Objective: To identify dietary factors in commercially available canned foods associated with the development of calcium oxalate (CaOx) uroliths in dogs.
Animals: 117 dogs with CaOx uroliths and 174 dogs without urinary tract disease.
Procedure: Case dogs were those that developed CaOx uroliths submitted to the Minnesota Urolith Center for quantitative analysis between 1990 and 1992 while fed a commercially available canned diet. Control dogs were those without urinary tract disease evaluated at the same veterinary hospital just prior to or immediately after each case dog. A content-validated multiple-choice questionnaire was mailed to each owner of case and control dogs with the permission of the primary care veterinarian. Univariate and multivariate logistic regressions for each dietary component were performed to test the hypothesis that a given factor was associated with CaOx urolith formation.
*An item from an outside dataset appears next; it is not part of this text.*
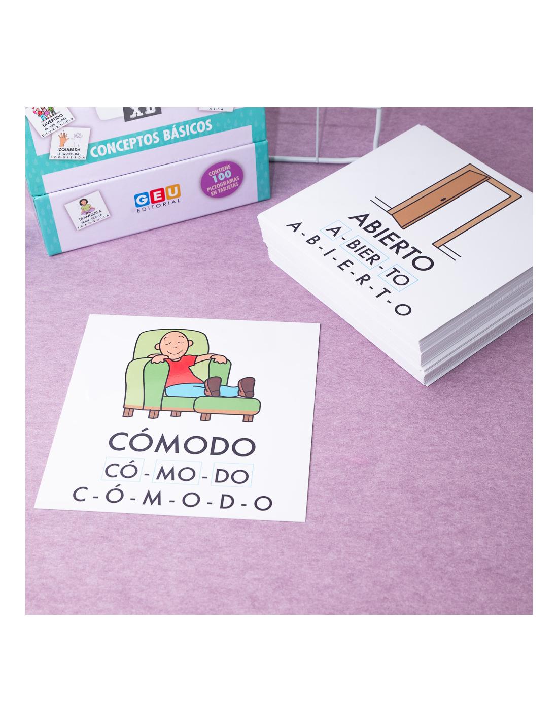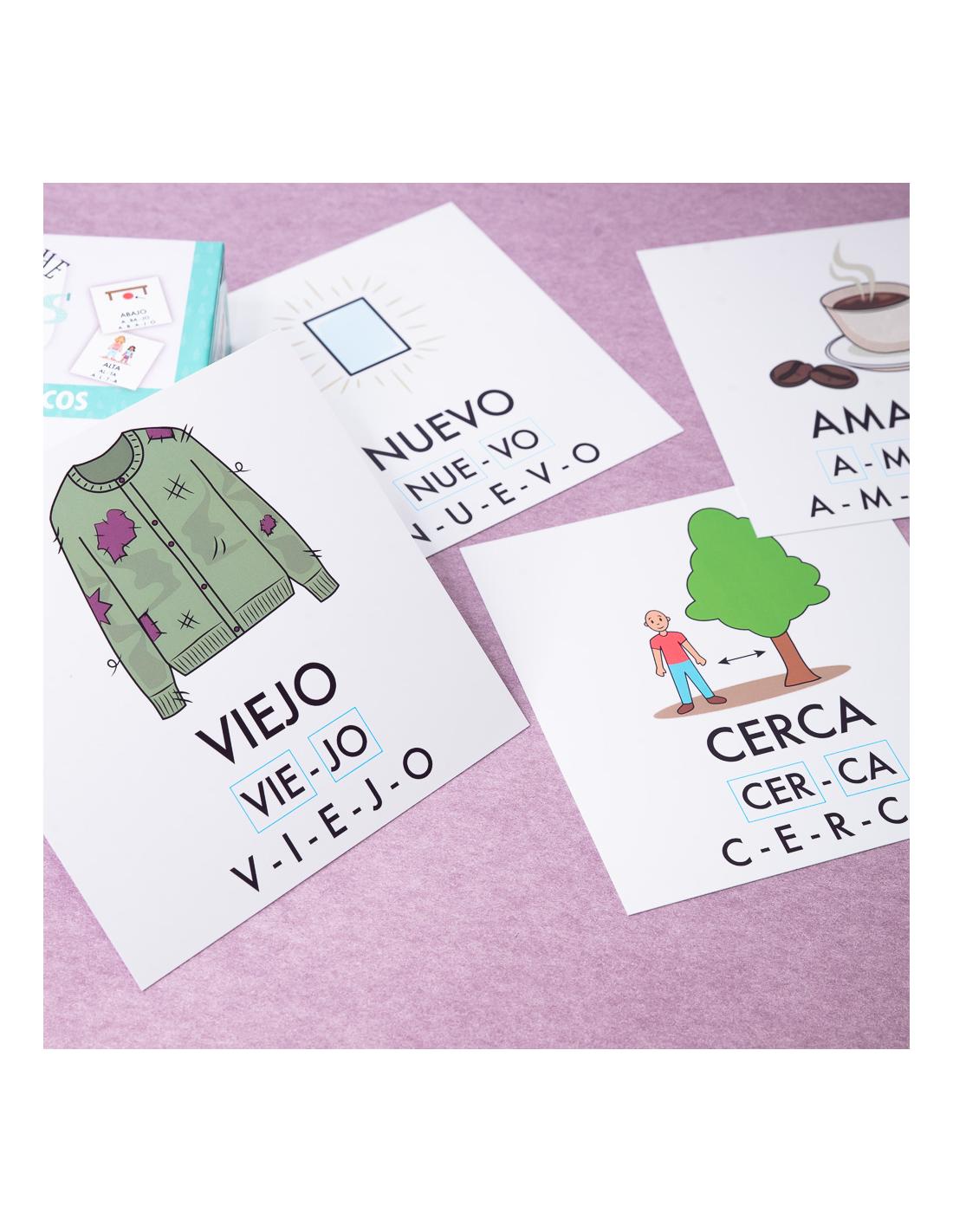 Estas tarjetas tienen el pictograma acompañado de la palabra en mayúscula completa, la misma palabra silabeada, y letra a letra, para trabajar la conciencia silábica con de cada palabra por separado, haciendo sencilla la complicada relación entre fonema-grafema.

Results: Canned foods with the highest amount of protein, fat, calcium, phosphorus, magnesium, sodium, potassium, chloride, or moisture were associated with a decreased risk of CaOx urolith formation, compared with diets with the lowest amounts. In contrast, canned diets with the highest amount of carbohydrate were associated with an increased risk of CaOx urolith formation.
Conclusions And Clinical Relevance: Feeding canned diets formulated to contain high amounts of protein, fat, calcium, phosphorus, magnesium, sodium, potassium, chloride, and moisture and a low amount of carbohydrate may minimize the risk of CaOx urolith formation in dogs.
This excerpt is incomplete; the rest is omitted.